Miguel Reale189aduz:

“Quanto mais os indivíduos adquirem autonomia na sua capacidade de agir, segundo tendências próprias e peculiares, tanto mais se estabelecem ligações comuns de natureza objetiva ou transpessoal tendentes a garantir a livre coexistência das iniciativas privadas”.

O mesmo autor, em 1984, já antecipava: “[...] os perigos que as estruturas eletrônicas da Informática e da Telecomunicação representam como instrumentos capazes de privar o homem de sua intimidade [...]” 190.

No Brasil, a tentativa de proteção da privacidade na internet tem ficado a cargo das tímidas decisões judiciais que passaram a responsabilizar os provedores de internet, solidariamente com os autores dos fatos, quando notificados não cumpram a determinação judicial (dentro do prazo estabelecido) de retirar conteúdo impróprio da rede. Medida repressiva que se revela mais eficaz, diante da dificuldade, em muitas oportunidades, de se identificar os autores, ou mesmo para conter mais rapidamente a continuação da exposição.
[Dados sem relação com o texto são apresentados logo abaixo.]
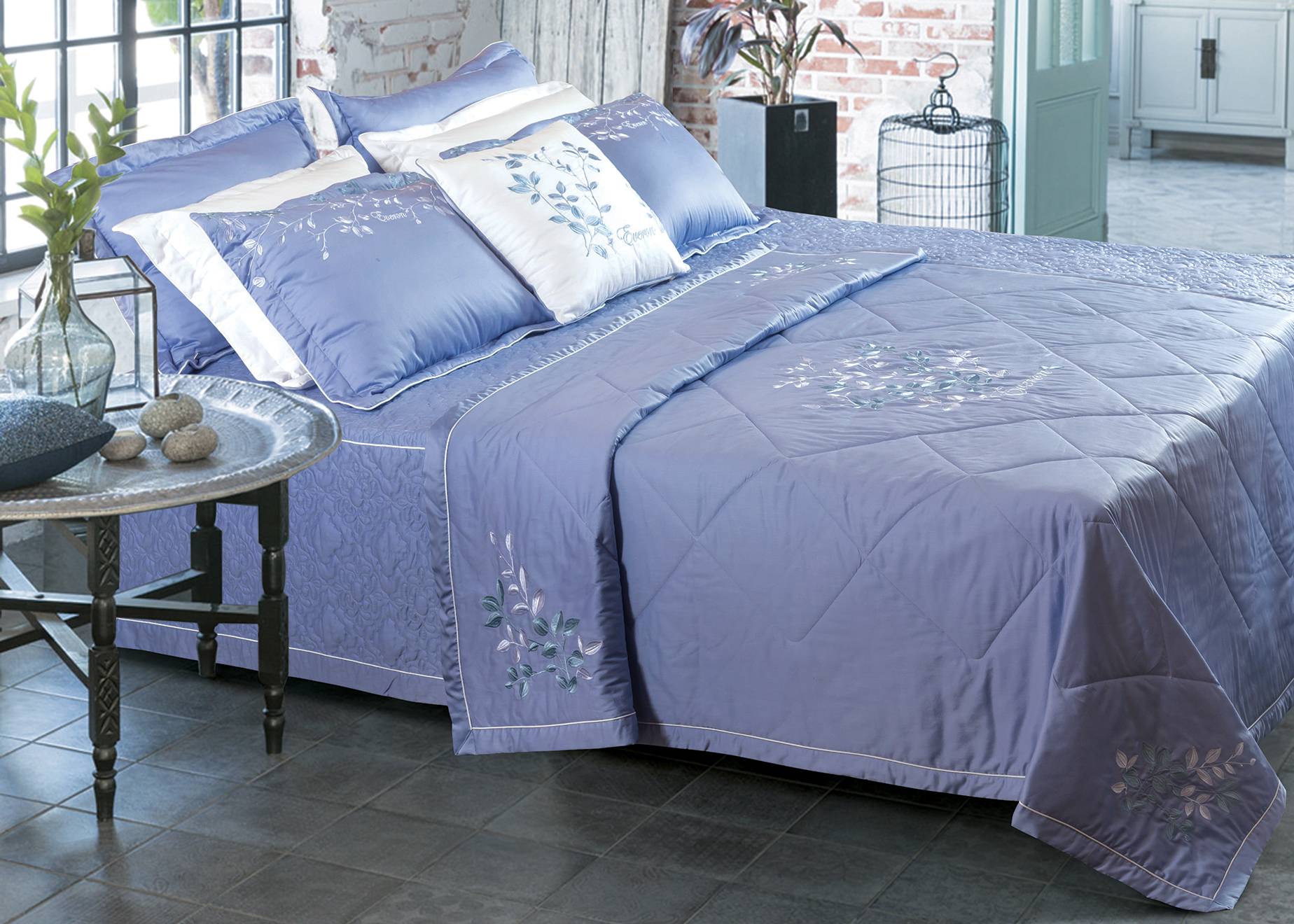 Mua tại TiktokMã sản phẩm: ESC19001 thuộc bộ sưu tập 2019 Chất liệu: Cotton satin Xuất xứ : Việt Nam Mô tả: Lấy ý tưởng từ cành lá trong mùa đông thêu trên nền vải xanh tím sẽ giúp cho phòng ngủ của bạn cảm giác trong lành và bình yên .
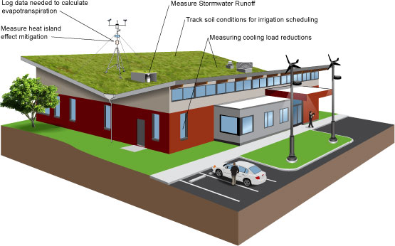 初步設計的過程中,收集環境數據,選擇適合的氣象站監測最好的綠色屋頂設計是謹慎的。降雨,溫度,相對濕度,風速,風向,太陽輻射都呈現明顯的季節性變化,并可以通過周圍的建筑和結構的影響。

Veiga e Rober conclamam pela legislação específica sobre o ciberespaço e que as legislações nessa seara sejam atualizadas constantemente para se adaptar a célere evolução do setor, pois só assim a liberdade estaria preservada191.

Por constatar essa realidade, Rui Stoco192 sustentou:

“As nações organizadas não estão preparadas para atender à necessidade de regulamentação, editando regras na mesma velocidade e proporção do crescimento e dos avanços científicos, tecnológicos e capacidade de penetração da rede informática”.

Enfim, por ser uma área sem fronteiras, de legislação frágil e de uso ilimitado, incontáveis são as maneiras de lesar os direitos da personalidade por meios digitais.